Ia masih tak habis pikir mengapa kakaknya itu bisa bersikap biasa-biasa saja, seolah lelaki itu tidak memiliki kenangan seujung kuku pun di benak hatinya. Padahal dibandingkan dirinya, justru Jaehyung lebih lama tinggal di kota. Younghyun yakin, walaupun kakaknya sedikit nerd, kutu buku atau apalah itu- Jaehyung bukanlah seorang anti-sosial. Walau ucapannya pedas, tapi temannya banyak. Entah lah apa yang dipikirkan kakaknya itu.
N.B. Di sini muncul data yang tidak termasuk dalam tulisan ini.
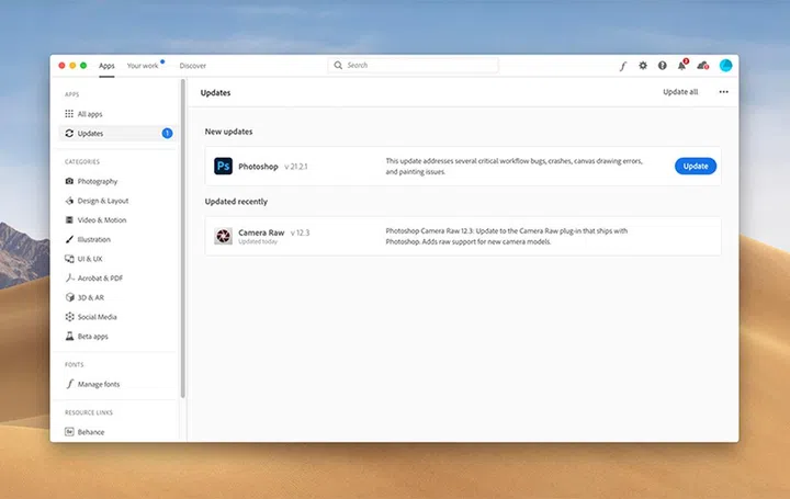 PSA: If you use Adobe Photoshop, Adobe Bridge or Adobe Prelude, it’s good to fire up the Creative Cloud desktop app and make sure you've the latest patches that Adobe released last Tue, Jul 21.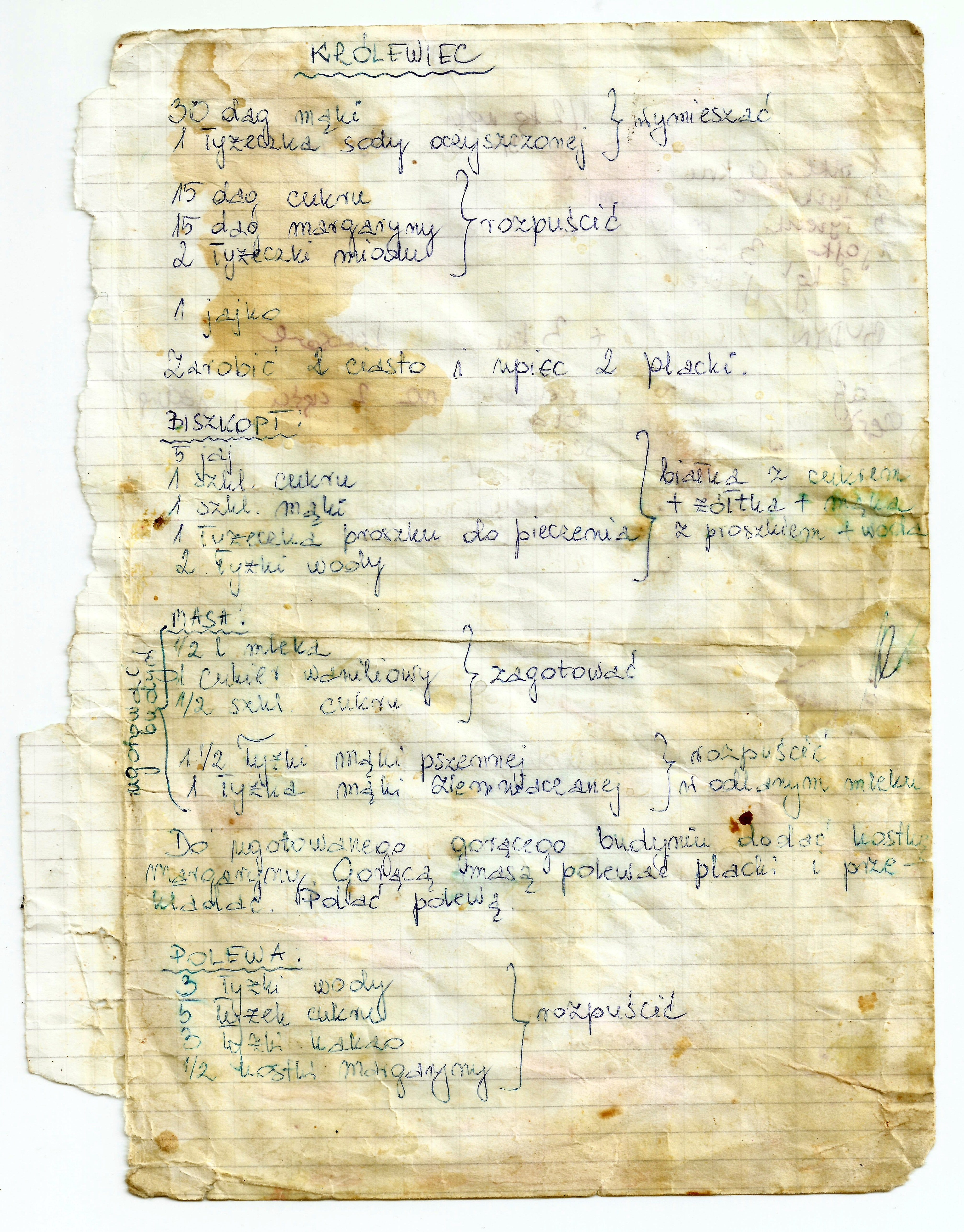 Mąkę wymieszać z sodą. Cukier, margarynę i miód rozpuścić. Zarobić ciasto i upiec 2 placki.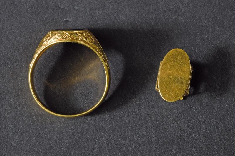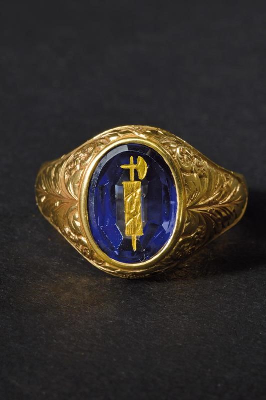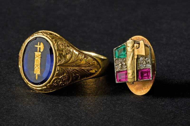 Anello in oro, inciso, con pietra dura viola recante al centro un fascio in oro; punzone “K 18”. Peso: 6 g. Spilla in oro con fascio sovrapposto a tricolore realizzato in smeraldo, diamanti e rubini. Peso: 2 g.

Seolah semua itu mudah baginya dan tak berarti apa-apa. Yang dilakukan remaja jangkung itu sejak mendudukan bokongnya hanyalah membaca buku dengan pandangan lurus. Tak berubah posisi sejak Younghyun mendengus untuk yang pertama sampai dengusan sekarang yang entah keberapa.
Merasa sedang di perhatikan, raut serius Jaehyung menoleh sedikit, hanya berupa lirikan tajam pada adiknya. Berucap tanpa suara. "Apa?"
Yang dilirik sedikit terhenyak, lalu menggeleng kikuk karena tertangkap basah.
Setelahnya Jaehyung kembali dengan bukunya.
"Bu, aku bosan. Kapan kita sampai Bu? Apa masih lama?" rengek si bungsu pada sang Ibu. Lengan kemeja ibunya ia tarik-tarik.
"Eng.. tutup saja matamu Young-ah. Nanti tidak akan terasa lama, tahu-tahu sudah sampai." Ucap Ibunya seperti orang mengigau lalu kembali terlelap seolah tidak terjadi apa-apa.
Younghyun kembali melesotkan punggungnya tak bersemangat. Ibunya menyuruhnya untuk tidur tapi ia tidak bisa. Bangun-tidur-lalu bangun lagi adalah kegiatan yang sedari tadi ia lakukan selagi menunggu perjalanan yang terasa seperti seabad ini. Baru kali ini ia merasa tidur saja terasa melelahkan.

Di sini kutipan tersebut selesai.